The daughter came in. She was all dressed up, with a bared youthful body, that body which caused him to suffer so much; but she exposed it. She was strong, healthy, apparently in love, and vexed at the disease, suffering, and death, which interfered with her happiness.

There entered also Fédor Petróvich, in dress coat, with his hair fixed à la Capoul, with a long sinewy neck, tightly surrounded by a white collar, with an enormous white chest and close-fitting trousers over powerful thighs, with a white handkerchief drawn over his hand, and with an opera hat.

After him imperceptibly crawled in the little gymnasiast, in a bran-new uniform,—poor fellow,—and with terrible blue marks under his eyes, the meaning of which Iván Ilích knew.

His son always looked pitiful to him, and terrible was his frightened and compassionate glance. Besides Gerasim, it seemed to Iván Ilích, Vásya was the only one who understood and pitied him.

All sat down, and again asked about his health. There ensued a silence. Líza asked her mother about the opera-glass. Mother and daughter exchanged words about who was at fault for having mislaid it. It was an unpleasant incident.

Fédor Petrovich asked Iván Ilích whether he had seen Sarah Bernhardt. At first Iván Ilích did not understand what it was they were asking him, but later he said:

"No, and have you seen her already?"

"Yes, in Adrienne Lecouvreur."

Praskóvya Fédorovna said that she was particularly good in this or that. Her daughter objected. There ensued a conversation about the art and the realism of her play, that very conversation which is always one and the same.

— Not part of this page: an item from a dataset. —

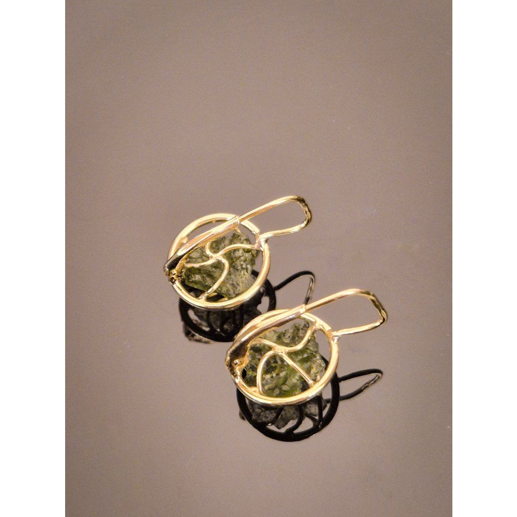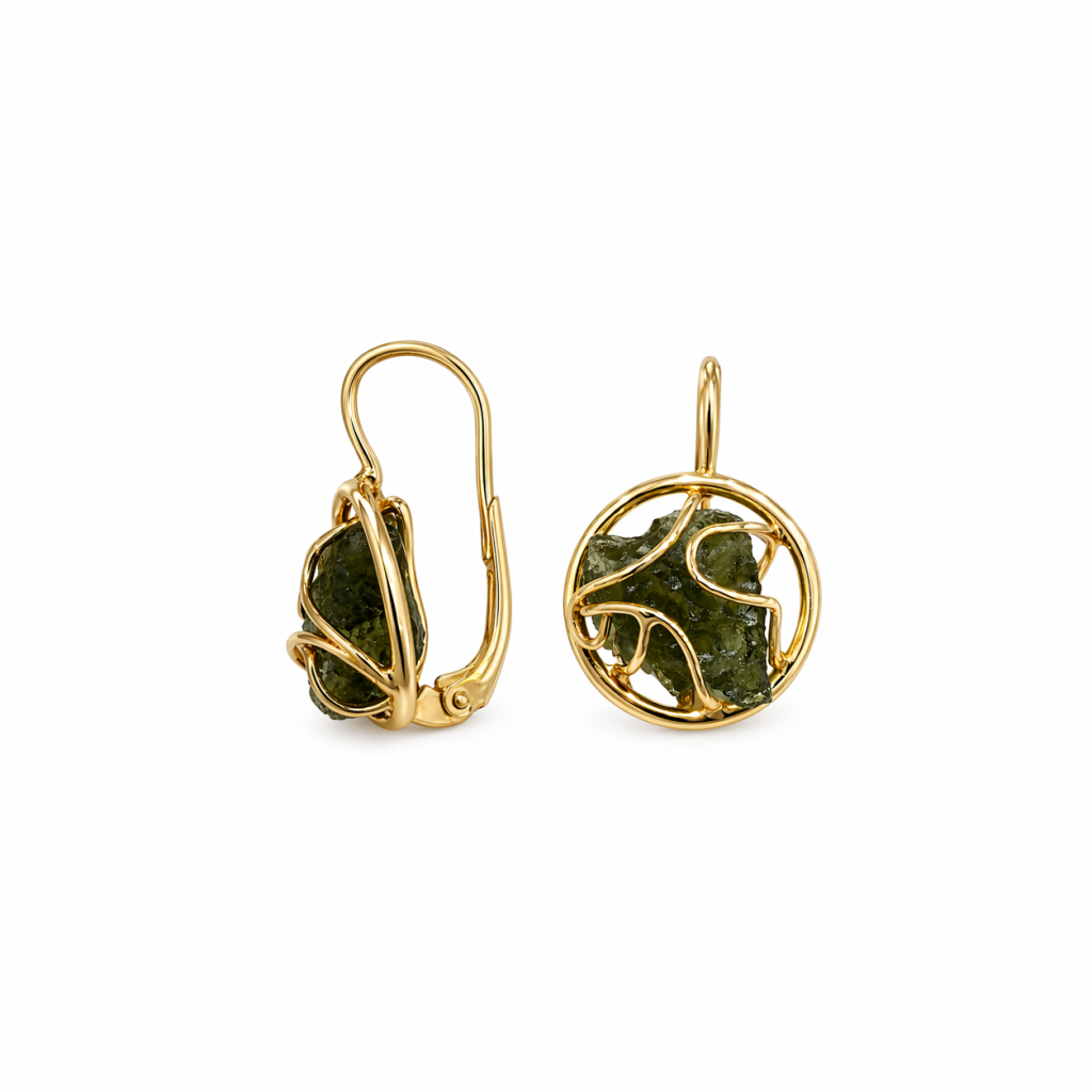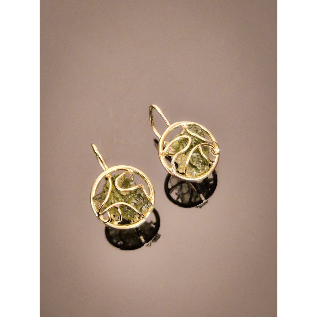 Zlaté náušnice s vltavíny – Exkluzivní náušnice kombinují zlato a vltavíny v jedinečném designu. Ruční výroba zaručuje originalitu a kvalitu.
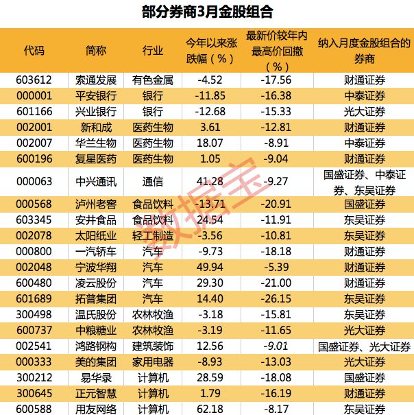 数据宝统计了当前已发布了3月金股组合的5家券商的金股推荐,其中,化工、电子和传媒行业获推荐个股数量最多。

In the middle of the conversation Fédor Petrovich looked at Iván Ilích, and grew silent. The others looked at him, too, and grew silent. Iván Ilích was looking with glistening eyes ahead of him, apparently vexed at them. It was necessary to mend all this, but it was impossible to do so. It was necessary to interrupt the silence. Nobody could make up his mind to do so, and all felt terribly at the thought that now the decent lie would somehow be broken, and every one would see clearly how it all was. Líza was the first to make up her mind. She interrupted the silence. She wanted to conceal what all were experiencing, but she gave herself away:

"If we are to go at all, it is time we started," she said, looking at her watch, a present from her father, and she smiled at the young man a faint, significant smile about something which they alone knew, and got up, causing her dress to rustle.

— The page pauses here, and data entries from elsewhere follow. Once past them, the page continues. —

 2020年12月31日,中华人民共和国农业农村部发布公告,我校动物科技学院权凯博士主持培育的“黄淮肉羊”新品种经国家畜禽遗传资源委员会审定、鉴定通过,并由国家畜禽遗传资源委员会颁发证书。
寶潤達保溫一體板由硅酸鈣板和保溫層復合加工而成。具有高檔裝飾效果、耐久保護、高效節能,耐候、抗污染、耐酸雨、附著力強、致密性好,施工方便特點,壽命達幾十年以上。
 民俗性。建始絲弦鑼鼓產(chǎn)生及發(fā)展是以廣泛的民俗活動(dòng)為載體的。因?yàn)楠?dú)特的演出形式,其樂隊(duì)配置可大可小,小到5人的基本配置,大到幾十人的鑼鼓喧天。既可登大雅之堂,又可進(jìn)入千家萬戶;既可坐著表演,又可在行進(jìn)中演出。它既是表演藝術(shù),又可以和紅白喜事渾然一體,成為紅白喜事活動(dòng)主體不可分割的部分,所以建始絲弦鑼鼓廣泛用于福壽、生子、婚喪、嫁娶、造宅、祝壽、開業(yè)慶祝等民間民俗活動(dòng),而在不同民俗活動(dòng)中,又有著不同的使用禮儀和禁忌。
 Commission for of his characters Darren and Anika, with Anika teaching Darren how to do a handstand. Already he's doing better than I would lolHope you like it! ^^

All arose, said good-bye, and departed.

When they went out, it seemed to Iván Ilích that he was feeling easier: there was no lie,—it departed with them,—but the pain was still left. The old pain, the old terror made him feel neither harder, nor easier. It was all worse.

Again minute after minute elapsed, and hour after hour, and again the same, and again no end, and more and more terrible the inevitable end.

"Yes, call Gerásim," he answered to Peter's question.